Maybe they did not provide a patch (yet) because it was not clear
whether it would be accepted or not.
And then the issue got fixed before they had a chance to provide the
patch.
Do we need to find corner cases just to not address the broader issue?
The JIRA issue itself provides very little clue as to how much effort
the person has expended.
Really?
Attached patches are certainly more telling than a "Thanks to" line...
But regardless, does it matter? It's probably quite a big step for
some people to file the JIRA.
Did I deny that?
How is it related to what I asked?
But one can of course add comments to the due-to text which can be
used to clarify the perceived level of contribution.
That's what I'm suggesting: a fair report.

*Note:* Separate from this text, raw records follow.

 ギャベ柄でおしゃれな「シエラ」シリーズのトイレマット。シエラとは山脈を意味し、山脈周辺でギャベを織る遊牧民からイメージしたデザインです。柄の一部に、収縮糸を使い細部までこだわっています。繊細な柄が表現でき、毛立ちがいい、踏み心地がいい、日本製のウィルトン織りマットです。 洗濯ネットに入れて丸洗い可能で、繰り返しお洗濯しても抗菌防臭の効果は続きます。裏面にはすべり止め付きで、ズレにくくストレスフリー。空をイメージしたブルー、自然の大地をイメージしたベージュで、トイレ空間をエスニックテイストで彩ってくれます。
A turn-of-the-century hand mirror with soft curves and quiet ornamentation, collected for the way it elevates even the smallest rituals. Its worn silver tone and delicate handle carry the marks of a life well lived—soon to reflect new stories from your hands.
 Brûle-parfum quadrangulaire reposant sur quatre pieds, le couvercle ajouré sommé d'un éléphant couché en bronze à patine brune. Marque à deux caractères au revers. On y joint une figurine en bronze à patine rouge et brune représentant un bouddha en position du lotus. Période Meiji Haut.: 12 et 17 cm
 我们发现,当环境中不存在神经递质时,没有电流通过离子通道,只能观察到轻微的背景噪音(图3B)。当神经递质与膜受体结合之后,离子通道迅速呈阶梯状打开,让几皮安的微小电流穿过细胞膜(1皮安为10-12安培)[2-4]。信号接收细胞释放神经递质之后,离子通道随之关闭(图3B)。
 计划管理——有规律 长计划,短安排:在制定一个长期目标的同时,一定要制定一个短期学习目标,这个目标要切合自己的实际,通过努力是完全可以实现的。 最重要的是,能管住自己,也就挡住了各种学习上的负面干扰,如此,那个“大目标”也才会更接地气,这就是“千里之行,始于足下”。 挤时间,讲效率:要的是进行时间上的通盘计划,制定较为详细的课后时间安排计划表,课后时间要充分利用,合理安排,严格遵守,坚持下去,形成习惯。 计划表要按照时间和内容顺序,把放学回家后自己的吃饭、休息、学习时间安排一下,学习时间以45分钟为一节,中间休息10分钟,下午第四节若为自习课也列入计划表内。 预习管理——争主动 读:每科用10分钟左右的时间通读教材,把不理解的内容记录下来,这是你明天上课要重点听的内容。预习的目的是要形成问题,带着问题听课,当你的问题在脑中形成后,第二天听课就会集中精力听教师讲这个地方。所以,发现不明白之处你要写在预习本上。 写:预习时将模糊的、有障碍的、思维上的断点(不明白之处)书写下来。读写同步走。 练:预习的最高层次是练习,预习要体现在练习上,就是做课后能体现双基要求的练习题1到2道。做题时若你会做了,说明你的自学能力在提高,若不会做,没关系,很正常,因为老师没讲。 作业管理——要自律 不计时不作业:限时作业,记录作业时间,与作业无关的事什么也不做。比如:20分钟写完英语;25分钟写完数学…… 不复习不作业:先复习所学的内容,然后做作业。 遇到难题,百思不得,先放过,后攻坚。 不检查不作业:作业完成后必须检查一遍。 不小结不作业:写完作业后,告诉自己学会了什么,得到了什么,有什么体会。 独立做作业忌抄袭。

So, is it possible to specify "Reported by" and "Fixed by"? That would
be
quite fine.
I repeat: up until recently I never noticed undue (IMHO) attributions.
That would mean that the practice was _not_ as you seem to describe.
Why would my question be met with dismissing comments?
There is a field in "changes.xml": how and when do we fill it?
I thought I knew (by looking at what others did) and now I see that it
does not fit in some cases. Thus I ask for clarification.
Why does this have to be controversial?